Job Offer Scraping

Image

Our mission

The mission is to automate job applications for everybody.

Pre-done work

I wrote a web-crawler in python to get job description from a German website called https://www.stepstone.de. I did the following step:

  • Crawling all the links pointing on sites that show job offers. I built an algorithm that crawls through different pages covering specific industries where jobs are offered

What this notebook covers

In this notebook, the goal is to extract the needed information out of the job offers on the platform. We will then use the extracted data for further investigation, especially building Machine Learning models on top of the high quality data.

Steps

Image

Making imports

At first, we need to import the libraries and tools (incl. model) we need to start.

In [3]:
from lxml import html
from lxml import etree
import requests
import pandas as pd
import time
import json
import random

1. Defining useful variables

User Agents

A user agent is a string that a browser or app sends to each website you visit.
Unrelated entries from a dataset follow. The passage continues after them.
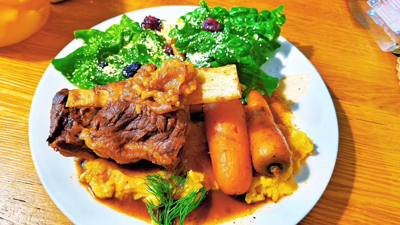 这道菜也太诱人了吧!软烂入味的牛肋排裹着浓郁酱汁,啃起来肯定超满足。旁边的胡萝卜炖得软乎乎,底下的土豆泥吸满了肉汁,还有清新的沙拉解腻。光看着就觉得味蕾在跳舞,要是能趁热来上一口,那幸福感绝了,感觉一整天的疲惫都能被这顿美味治愈!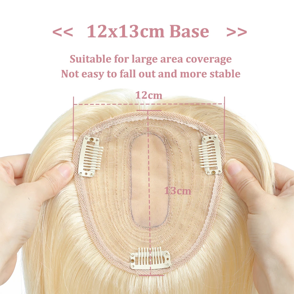 ✨ Topper de Cabelo Humano Liso Brasileiro Remy 100% Natural – Base Couro Cabeludo 12×13 cm com Grampos para Mulheres (25 a 35 cm) ✨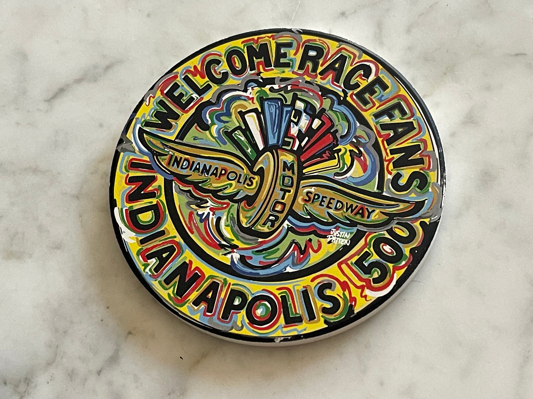 Justin Patten brings his unique, artistic style to the IMS Wing and Wheel logo with this stone coaster.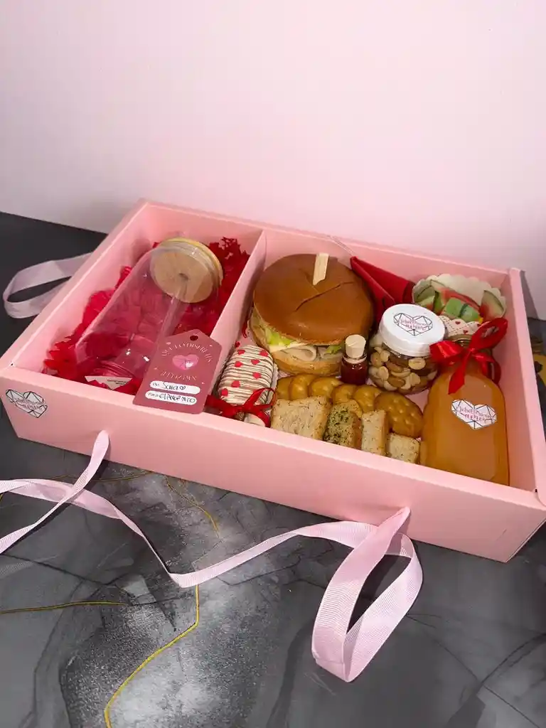 Sorprende con un detalle lleno de amor, sabor y momentos especiales. Te incluye sandwich gourmet, jugo de naranja en frasco de vidrio, mix de fruta, mix de maní, snacks surtidos y una deliciosa choco-paleta rellena de nutella. Adicional te incluye un vaso pitillo de vidrio . Puedes personalizar el color de la decoración y el mensaje de la tarjeta personalizada.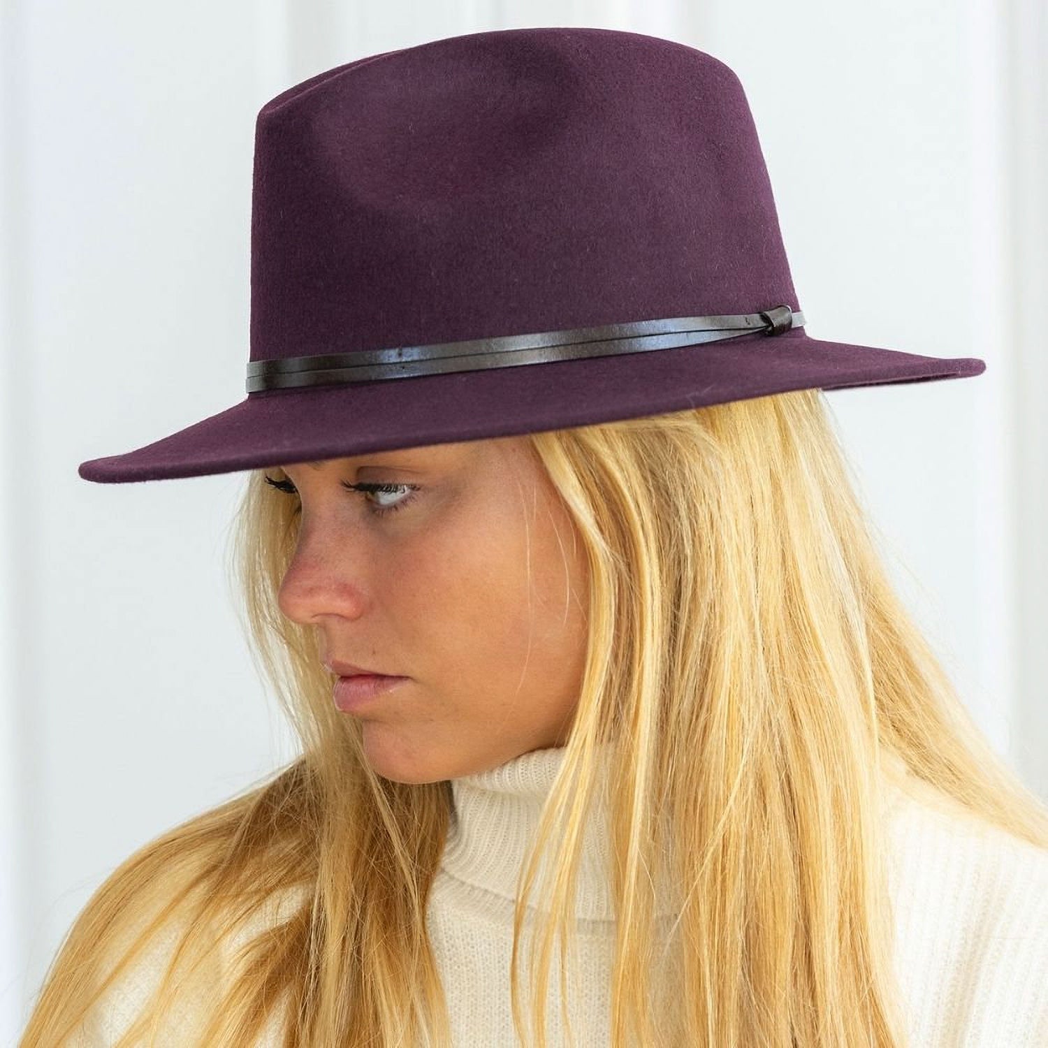 Elevate your look with the refined charm of the TRAVAUX EN COURS Felt Fedora in Plum. Crafted from 100% wool felt, this structured fedora features a rich, deep hue and is accented by a sleek, thin black leather band for a subtle yet sophisticated finish.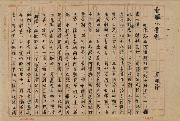 周作人早年留學日本,通曉日文、英文、 希臘文等多種文字,他十分看重日本文學和古希臘文學。日本文學自不必贅言,上述諸多手稿內容中可見周作人總頻頻提及日本。而周作人的希臘文學譯作也有二百萬言,大多為晚年完成的。他說:“余一生文字無足稱道,唯暮年所譯希臘對話是五十年來的心愿,識者當自知之?!边@批手稿中,如《希臘小喜劇》《愛說誑的人》《塔伊斯與格呂刻拉》都是與希臘文學歷史相關。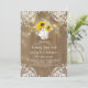 Rustic country engagement party invitation features sunflowers, string lights, mason jar, baby's breath flowers, wood, and lace

A typical user agent string contains details like – the application type, operating system, software vendor or software version of the requesting software user agent. Web servers use this data to assess the capabilities of your computer, optimizing a page’s performance and display. User Agents are sent as a request header called “User-Agent”. (https://www.scrapehero.com/how-to-fake-and-rotate-user-agents-using-python-3/)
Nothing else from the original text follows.